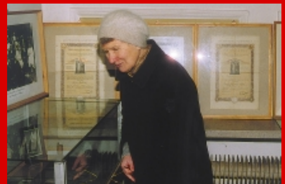
Okolicznościowa wystawa przygotowana przez warszawską parafię i stoisko książek Wydawnictwa „Augustana” cieszyły się zainteresowaniem
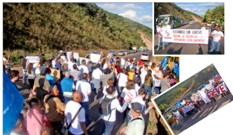
Movimento das universidades federais fecha a BR-356 em Ouro Preto, e pressiona reitores a apoiarem reivindicações

Em acordo com a Polícia Militar Rodoviária, por volta das 15 horas os manifestantes fecharam a via nos dois sentidos, por aproximadamente 15 minutos. O protesto contou com a participação de cerca de 450 representantes das Universidades de Ouro Preto (Ufop), Minas Gerais (Ufmg), Lavras (Ufla), São João del-Rei (UFSJ), Juiz de Fora (UFJF), Rural do Rio de Janeiro (UFRRJ), Fluminense (UFF) e dos sindicatos Adufop, Sinasefe (IFMG), Sindifes (Instituições Federais de Ensino). Uma comissão representada pelos três segmentos – alunos, técnicos e professores – entregou uma “Carta Aberta à Andifes”, cobrando um maior compromisso da Andifes quando às principais reivindicações do movimento. Já na terça-feira, 26, os reitores receberam os representan-
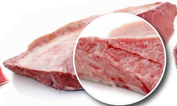
Ventresca de Atún. 710 00770
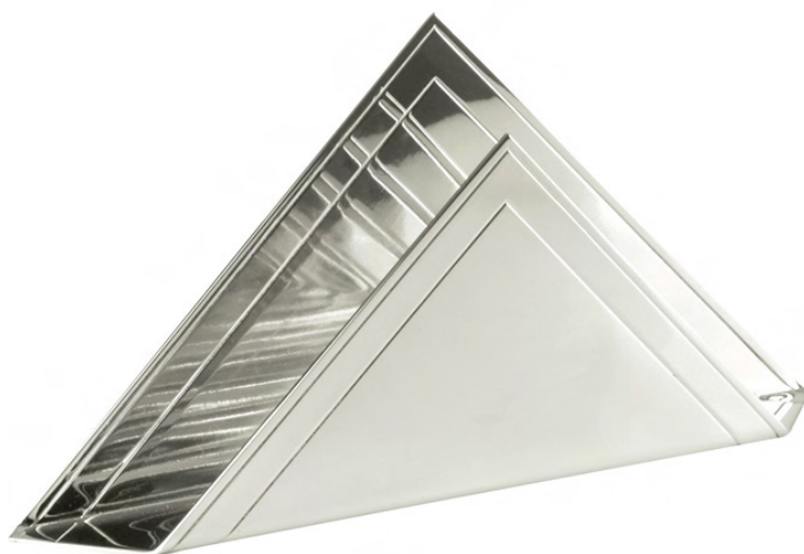
PORTA GUARDANAPO TRIANGULAR COM FRISO 166N - Med. 10cm (h) / 20cm (l)

----

- [Work item]
Starting at the line that contains "Ventresca de Atún. 710 00770", transcribe every line through the end of the listing exactly, including both end lines and excluding pictures.

- [Response]
Ventresca de Atún. 710 00770
PORTA GUARDANAPO TRIANGULAR COM FRISO 166N - Med. 10cm (h) / 20cm (l)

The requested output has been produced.